§ **What you are asked to do**
The expected output is the full set of entries, printed exactly, without pictures.
-.-.-
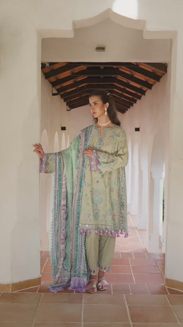 A delicate harmony of sage, lilac, and soft mint — this unstitched lawn ensemble is elegance in its most graceful form.
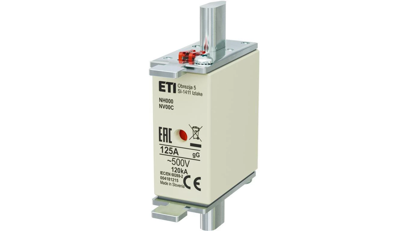 Bezpiecznik nożowy Wkładka topikowa, przemysłowa zwłoczna KOMBI NH000, NH00C gG/gL 125A 500V ETI POLAM
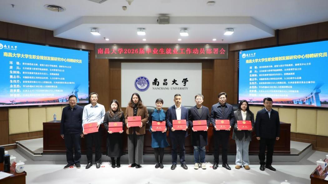 会议还举行了大学生职业规划发展研究中心首批特聘研究员授聘仪式,3位校内专家和5位企业资深人力资源高管获颁聘书。各学院主要负责人、分管就业工作负责人、相关单位负责人参加会议。
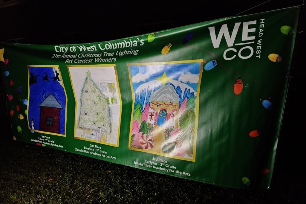 “What Christmas Means to Me” elementary school essay contest winners read their winning entries and student artwork of contest winners adorned the grounds around West Columbia City Hall.
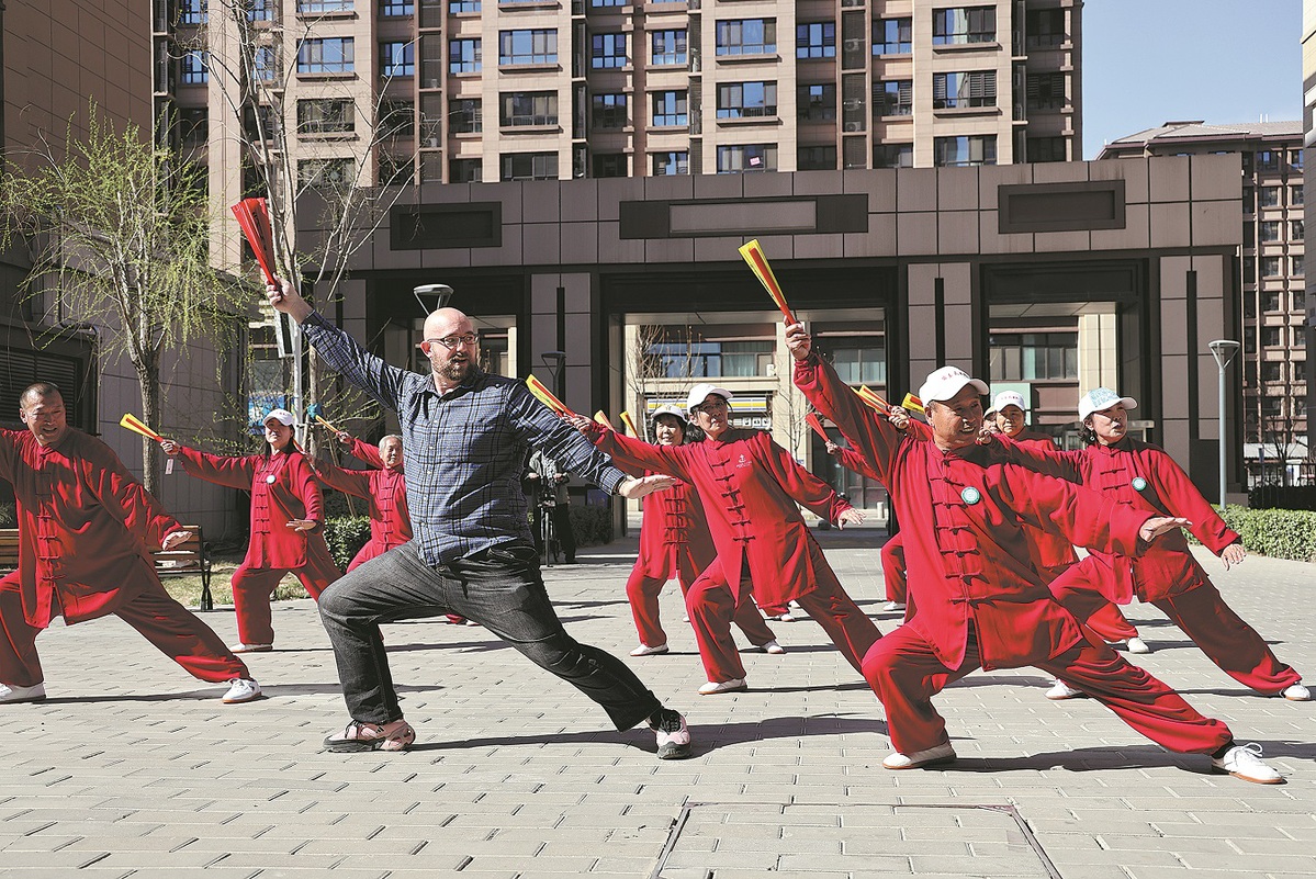 Tai chi enthusiasts engage in group exercises in Ding'an community, Rongdong area. (Wang Jing/China Daily)
-.-.-
§ **Answer to this task**
 A delicate harmony of sage, lilac, and soft mint — this unstitched lawn ensemble is elegance in its most graceful form.
 Bezpiecznik nożowy Wkładka topikowa, przemysłowa zwłoczna KOMBI NH000, NH00C gG/gL 125A 500V ETI POLAM
 会议还举行了大学生职业规划发展研究中心首批特聘研究员授聘仪式,3位校内专家和5位企业资深人力资源高管获颁聘书。各学院主要负责人、分管就业工作负责人、相关单位负责人参加会议。
 “What Christmas Means to Me” elementary school essay contest winners read their winning entries and student artwork of contest winners adorned the grounds around West Columbia City Hall.
 Tai chi enthusiasts engage in group exercises in Ding'an community, Rongdong area. (Wang Jing/China Daily)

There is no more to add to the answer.